The American Board of Dental Sleep Medicine (ABDSM) provides board-certification examinations annually for qualified dentists. These dentists collaborate with sleep physicians at accredited sleep centers and can provide oral appliance therapy and upper airway surgery to treat sleep-related breathing disorders. While Diplomate status granted by the ABDSM is not one of the recognized dental specialties, it is recognized by the American Academy of Sleep Medicine (AASM). (See sleep dentistry in the section of sleep medicine about the US.)

A few other post-graduate formal advanced education programs: GPR, GDR, MTP residencies (advanced clinical and didactic training with intense hospital experience) and AEGD, SEGD, and GradDipClinDent programs (advanced training in clinical dentistry) are recognized but do not lead to specialization. There are CODA (Council on Dental Accreditation) programs in Orofacial Pain at more than ten Dental Schools in the USA.

Other dental education exists where no postgraduate formal university training is required: cosmetic dentistry, dental implant, temporo-mandibular joint therapy. These usually require the attendance of one or more continuing education courses that typically last for one to several days. There are restrictions on allowing these dentists to call themselves specialists in these fields. The specialist titles are registrable titles and controlled by the local dental licensing bodies.

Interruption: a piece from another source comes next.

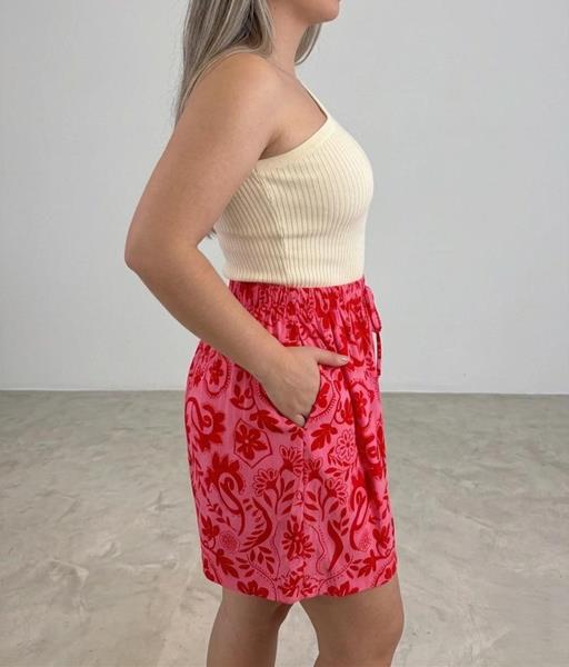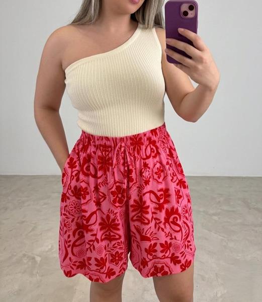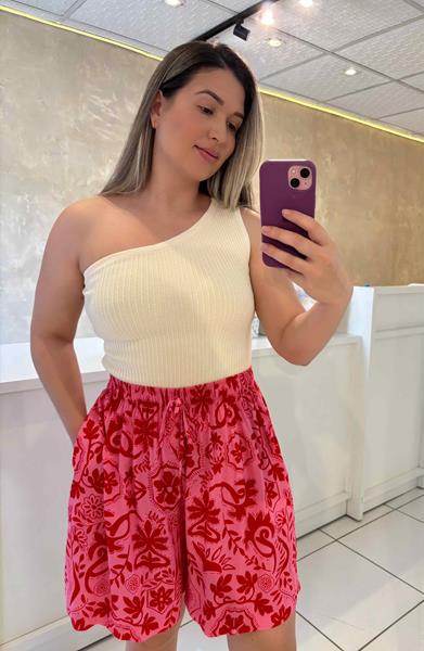 A ESTAMPA QUE VAI ALEGRAR SEU DIA - Este shorts de estampa exclusiva em tons de rosa e vermelho, com uma modelagem perfeita e cintura alta.

==Other specialties or studies==

- Special needs dentistry – Dentistry for those with developmental and acquired disabilities. It is a recognized specialty by the Royal Australasian College of Dental Surgeons. It has also been recently recognised as a specialty by the General Dental Council in the United Kingdom. The American Board Special Care Dentistry is hoping to also obtain accreditation for special needs dentistry by CODA.,
- Oral Biology - Research in Dental and Craniofacial Biology. This is often a PhD program and it is rare for dentists to pursue this degree.
- Forensic odontology – The gathering and use of dental evidence in law. This may be performed by any dentist with experience or training in this field. The function of the forensic dentist is primarily documentation and verification of identity.
- Geriatric dentistry or Geriodontics – The delivery of dental care to older adults involving the diagnosis, prevention, and treatment of problems associated with normal aging and age-related diseases as part of an interdisciplinary team with other health care professionals.
- Sports Dentistry is a branch of Advanced Dentistry. It deals with prevention, treatment and management of dental health of individuals related to Sports and Exercise. It also includes emergency management of sports injuries specifically related to the teeth and other oral tissues. Sports dentistry is the branch of sports medicine dealing with prevention and treatment of dental injuries and oral diseases associated with sports and exercise. It is usually pursued as a post graduation specialisation after BDS/DDS or equivalent. The various degrees of study of sports dentistry may include: Certificate course in sports dentistry (CSD/ C.S.D.), Diploma in Sports dentistry (DSD/ D.S.D.), Fellowship in Sports Dentistry (FSD / (F.S.D.) And Masters in Sports dentistry (M.Sc Sports dentistry). The sports dentist works as an individual consultant or as a member of the Sports Medicine Team.
- Veterinary dentistry, a speciality of veterinary medicine – The field of dentistry applied to the care of animals.
- Dental therapy is a field that emerged in the early 21st century, with practitioners who are not licensed dental doctors but who have the ability to perform basic exams, cleanings, and some basic surgeries like pulling teeth and filling cavities.